Craft Notes by Ed Hooks
"LISTEN, LISTEN, LISTEN, REALLY LISTEN ..."
Vanessa Redgrave, appeared on Broadway in Driving Miss Daisy with James Earl Jones, sat for a rare interview ("A Reluctant Redgrave, On 'Daisy' And More" by Patrick Healy, New York Times, February 16, 2011). Asked about her craft and the challenges of working in a two-character play, Ms. Redgrave offered this about the importance of listening. "I've certainly taken it as something I've worked on myself - listen, listen, listen, really listen. You think you're listening, but you really have to work at it." Of course she is correct about that, just as it would be good advice that one "...see, see, see, really see..." and "...touch, touch, touch, really touch...". But it is worth pointing out that the kind of listening we do while in a conversation is more complex than it might seem. Let me explain:
In a conversation, we do not take turns listening; we take turns talking. Roger Schank, a former professor at Yale and Northwestern Universities, wrote a book entitled Tell Me a Story - Narrative and Intelligence in which he talks about us being "story based". We tell stories to ourselves and to one another. I am over-simplifying now, but the process basically works like this: Beginning as an infant, you experience things and tell yourself stories about them and, throughout your life, you expand, update and revise those stories. By the time you are an adult, the stories are densely cross-referenced. If, for instance, I tell you in conversation about the wonderful Thai restaurant where I had dinner last night, the moment you hear "Thai restaurant", you will start mentally running through your own stories, cross-referencing to Thai restaurants you have enjoyed (or not), which may in turn cross-reference to your trip to Thailand. This process happens faster than the blink of an eye, and you immediately have a story to tell me as soon as it is your turn to talk. You are only partially listening to the rest of what I am saying because you have that story ready, and you are deciding not to interrupt.
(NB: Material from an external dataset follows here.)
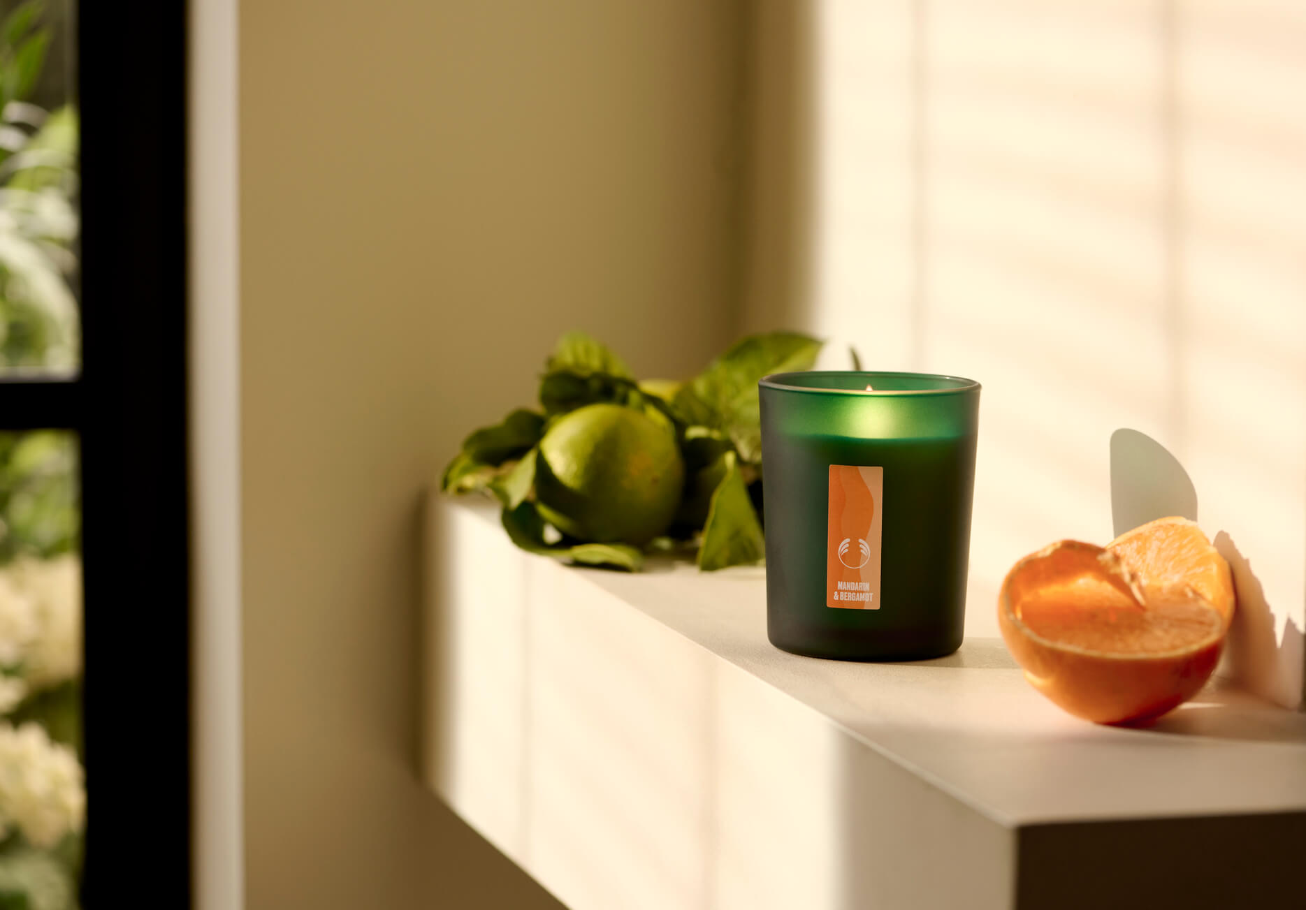 Pon un resorte en tu paso con el aroma energizante de nuestra vela perfumada Boost Mandarina & Bergamota.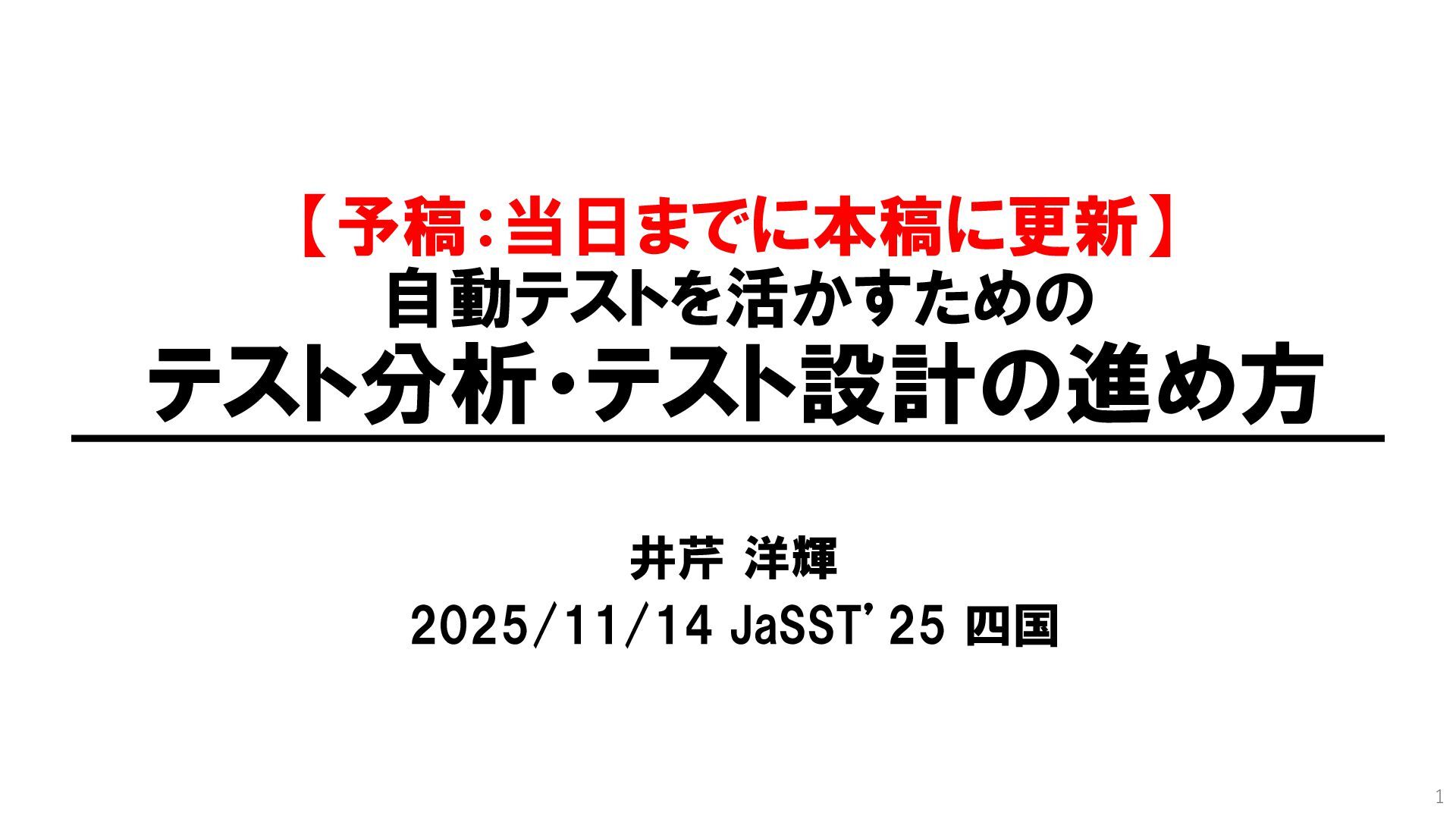 【予稿:当日までに本稿に更新】 自動テストを活かすための テスト分析・テスト設計の進め方 井芹 洋輝 2025/11/14 JaSST’25 四国 1

New actors spend a lot of time doing sensory exercises, especially listening. Everybody in class sits very still while listening to sounds outside on the street; you count how many different sounds you can name if you really listen; you listen to the sound of your own breathing and that of your fellow students. The Meisner Technique, a popular approach to acting training in the U.S. includes practice listening in conversation. In "the repetition exercise", two students sit facing one another and proceed to listen and repeat, not as characters but as themselves. Listen, repeat, listen repeat, which is actually the same thing as listen, react, listen react except that the actor is more mindful of the reaction. The repetitions become a kind of organic communication in which both students are reacting honestly.
Some new actors have initial difficulty with the repetition exercise, and I think the reason is because it is counter-intuitive. Our impulse, as Mr. Schank points out, is to talk, not to listen. You listen to the other person long enough to come up with your story. Don't get me wrong, I think the repetition exercise is swell. I have no problem with it at all. I simply think that the exercise is not really teaching an actor to listen so much as it is to be "present", "in the moment".
With respect to Vanessa Redgrave, listening - in and of itself - is not really going to do much for an actor. Ms. Redgrave's special talent is that she allows what she hears to stimulate her emotionally, which propels her into doing something. Listening is not an end in itself, no matter how truthful it may be. Acting is "doing", which means you are playing an action in pursuit of an objective while overcoming an obstacle. Theatrical reality is not the same thing as regular reality. It is compressed in time and space and has structure. By all means, listen carefully. Then do something. One more time: We take turns talking; we don't take turns listening.